WHAT IS NEEDED:
With the pictures omitted, repeat exactly the lines below starting with the line that has "Ролл с курицей" and going on through the line that has "tidy living environment.".

Start of RECORDS FOR THE EXERCISE

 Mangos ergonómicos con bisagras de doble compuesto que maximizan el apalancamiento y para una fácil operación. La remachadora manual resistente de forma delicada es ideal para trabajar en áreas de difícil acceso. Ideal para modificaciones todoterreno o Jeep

End of RECORDS FOR THE EXERCISE
Start of RECORDS FOR THE EXERCISE

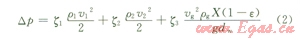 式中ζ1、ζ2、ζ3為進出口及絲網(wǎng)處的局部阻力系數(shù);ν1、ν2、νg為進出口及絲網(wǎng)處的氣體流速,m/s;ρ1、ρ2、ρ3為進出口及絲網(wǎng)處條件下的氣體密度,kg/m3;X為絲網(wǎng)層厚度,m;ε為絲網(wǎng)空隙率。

End of RECORDS FOR THE EXERCISE
Start of RECORDS FOR THE EXERCISE

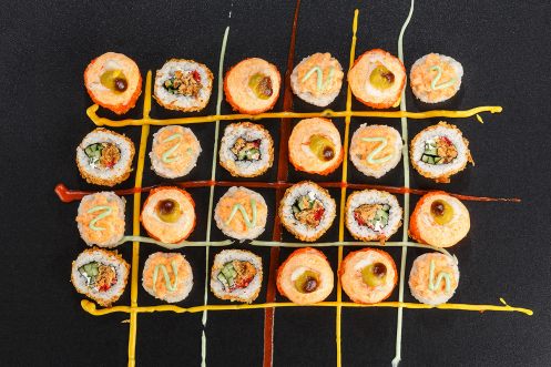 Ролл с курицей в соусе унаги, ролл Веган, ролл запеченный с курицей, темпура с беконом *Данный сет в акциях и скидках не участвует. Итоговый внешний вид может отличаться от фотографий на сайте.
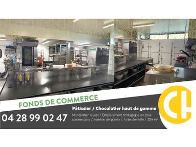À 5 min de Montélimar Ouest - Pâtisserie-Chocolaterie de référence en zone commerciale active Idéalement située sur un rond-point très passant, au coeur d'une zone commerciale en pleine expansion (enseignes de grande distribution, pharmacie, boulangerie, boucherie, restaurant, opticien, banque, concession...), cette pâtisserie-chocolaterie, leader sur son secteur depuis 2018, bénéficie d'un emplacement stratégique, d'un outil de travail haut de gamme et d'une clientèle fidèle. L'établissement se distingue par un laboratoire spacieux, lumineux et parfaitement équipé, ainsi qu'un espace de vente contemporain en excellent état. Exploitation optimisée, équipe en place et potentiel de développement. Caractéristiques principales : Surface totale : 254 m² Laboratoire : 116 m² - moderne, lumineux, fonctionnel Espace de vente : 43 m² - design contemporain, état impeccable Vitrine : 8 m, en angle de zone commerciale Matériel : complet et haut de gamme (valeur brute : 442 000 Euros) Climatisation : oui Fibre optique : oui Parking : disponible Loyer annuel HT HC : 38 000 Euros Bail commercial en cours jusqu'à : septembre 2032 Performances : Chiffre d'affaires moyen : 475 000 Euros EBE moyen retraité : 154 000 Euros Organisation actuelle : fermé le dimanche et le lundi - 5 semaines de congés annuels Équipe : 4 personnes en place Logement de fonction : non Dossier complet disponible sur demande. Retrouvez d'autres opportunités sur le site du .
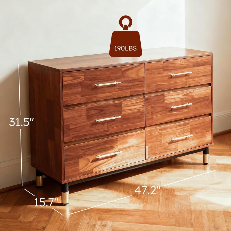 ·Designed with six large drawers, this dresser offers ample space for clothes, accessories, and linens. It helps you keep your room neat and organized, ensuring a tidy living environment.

End of RECORDS FOR THE EXERCISE

EXERCISE SOLUTION:
 Ролл с курицей в соусе унаги, ролл Веган, ролл запеченный с курицей, темпура с беконом *Данный сет в акциях и скидках не участвует. Итоговый внешний вид может отличаться от фотографий на сайте.
À 5 min de Montélimar Ouest - Pâtisserie-Chocolaterie de référence en zone commerciale active Idéalement située sur un rond-point très passant, au coeur d'une zone commerciale en pleine expansion (enseignes de grande distribution, pharmacie, boulangerie, boucherie, restaurant, opticien, banque, concession...), cette pâtisserie-chocolaterie, leader sur son secteur depuis 2018, bénéficie d'un emplacement stratégique, d'un outil de travail haut de gamme et d'une clientèle fidèle. L'établissement se distingue par un laboratoire spacieux, lumineux et parfaitement équipé, ainsi qu'un espace de vente contemporain en excellent état. Exploitation optimisée, équipe en place et potentiel de développement. Caractéristiques principales : Surface totale : 254 m² Laboratoire : 116 m² - moderne, lumineux, fonctionnel Espace de vente : 43 m² - design contemporain, état impeccable Vitrine : 8 m, en angle de zone commerciale Matériel : complet et haut de gamme (valeur brute : 442 000 Euros) Climatisation : oui Fibre optique : oui Parking : disponible Loyer annuel HT HC : 38 000 Euros Bail commercial en cours jusqu'à : septembre 2032 Performances : Chiffre d'affaires moyen : 475 000 Euros EBE moyen retraité : 154 000 Euros Organisation actuelle : fermé le dimanche et le lundi - 5 semaines de congés annuels Équipe : 4 personnes en place Logement de fonction : non Dossier complet disponible sur demande. Retrouvez d'autres opportunités sur le site du .
 ·Designed with six large drawers, this dresser offers ample space for clothes, accessories, and linens. It helps you keep your room neat and organized, ensuring a tidy living environment.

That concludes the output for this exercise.